Advantage 1: Your tests will be extermely fast(a speed cypress cannot compete
with). Ember test suite knows exactly when your app starts, it can listen to
the next visit, next Ember loop in the Run loop for async functions and
execute immediately without timers. These are well defined and documented in
the framework.

Advantage 2: Most web backends are not built on JavaScript, however current
trend is to write acceptance tests in JS/node.js due to the all available
ecosystem support in a certain SPA framework/library. Since your backend logic
is most probably written in another language you cannot access the backend
data in your frontend tests. Ember mirage replaces your backend thus you can
access your backend data on acceptance tests for higher test quality. If your
backend is written in node.js you can require your models and query them
inside the tests thus not much there wont advantage here. For the majority of
backends you will have to write your own hacky tool to query your backend if
you want higher quality testing. Or you have to write your acceptance tests in
your backend language which will be no doubt slower than ember tests +
headless browsers that have JS API support.

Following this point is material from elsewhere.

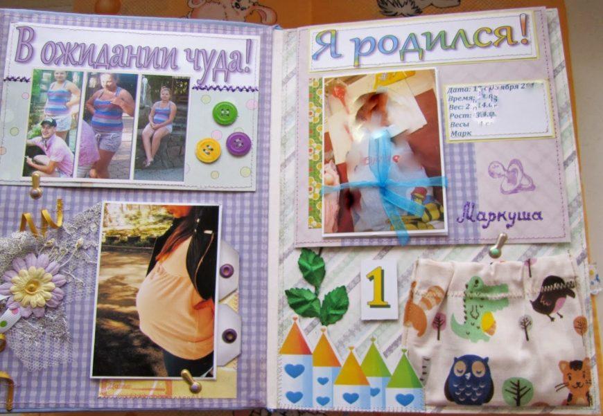 Все эти элементы впоследствии будут приятным воспоминанием для родителей и бабушек-дедушек, альбом не будет обезличенным, а обретет свою живую принадлежность к семье.

Advantage 3: You can develop very complex frontend demo applications on the
development mode with Ember mirage without a backend. There is a productivity
advantage when your frontend developers are not backend developers/not
familiar with your backend stack. You can source your backend API responses as
Ember mirage fixtures thus eliminate the need for data preparation/model
generations with factories for each frontend tests. Also you can easily create
demo deployments for client meetings.

Disadvantage: - Sometimes you need to write your backend logic in Ember mirage
routes. Ember mirage is still an alpha software and all these add up to the
learning curve.

Ember.js has lots of potential and a mature ecosystem.